N. Carolina AG won't seek to renew 20-week abortion ban

·2 min read

RALEIGH, N.C. (AP) — North Carolina’s Democratic attorney general declined Thursday to meet Republican legislative leaders’ demand that he ask a federal court to lift an injunction on a state law banning nearly all abortions after 20 weeks of pregnancy.

“The Department of Justice will not take action that would restrict women’s ability to make their own reproductive health care decisions,” Attorney General Josh Stein said. “Protecting that ability is more important than ever, as states across the nation are banning abortions in all instances, including rape and incest.”

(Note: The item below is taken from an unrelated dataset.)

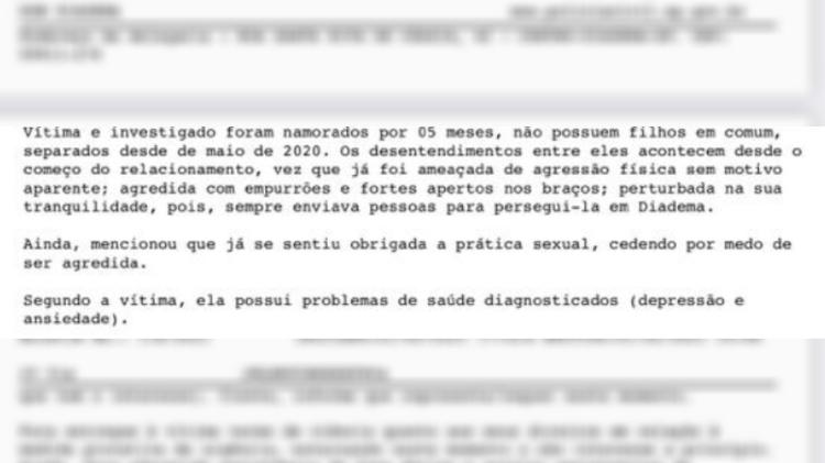 Ela ainda relata que se sentia pressionada a fazer sexo com o ator por medo de sofrer novas agressões. Segundo o depoimento, o ator teria mencionado que se eles não mantivessem a relação, ela "não seria de mais ninguém".

Senate leader Phil Berger and House Speaker Tim Moore, on the day of the Supreme Court ruling that overturned nationwide abortion protections, asked Stein to “take all necessary legal action” to reinstate the 20-week ban, warning his inaction would lead them to take legal action of their own.

A 2019 federal court ruling, affirmed last year by the 4th Circuit U.S. Court of Appeals, barred the execution of the 20-week ban based on precedents set in Roe v. Wade and an associated 1992 ruling, both struck down June 24. The ruling extended the right to an abortion in North Carolina until fetal viability, which typically falls between 24 and 28 weeks of pregnancy.

Berger and Moore argue the June 24 Supreme Court ruling invalidated the legal underpinning of that decision and opened the door for them to reinstate the ban.

Though Republicans hold majorities in both chambers of the General Assembly, lawmakers did not pass any additional abortion restrictions during the legislative session that ended July 1. Democratic Gov. Roy Cooper is a strong abortion-rights supporter whom Moore said would likely veto abortion legislation, but his veto power could soon be nullified if Republicans win a few additional seats in November.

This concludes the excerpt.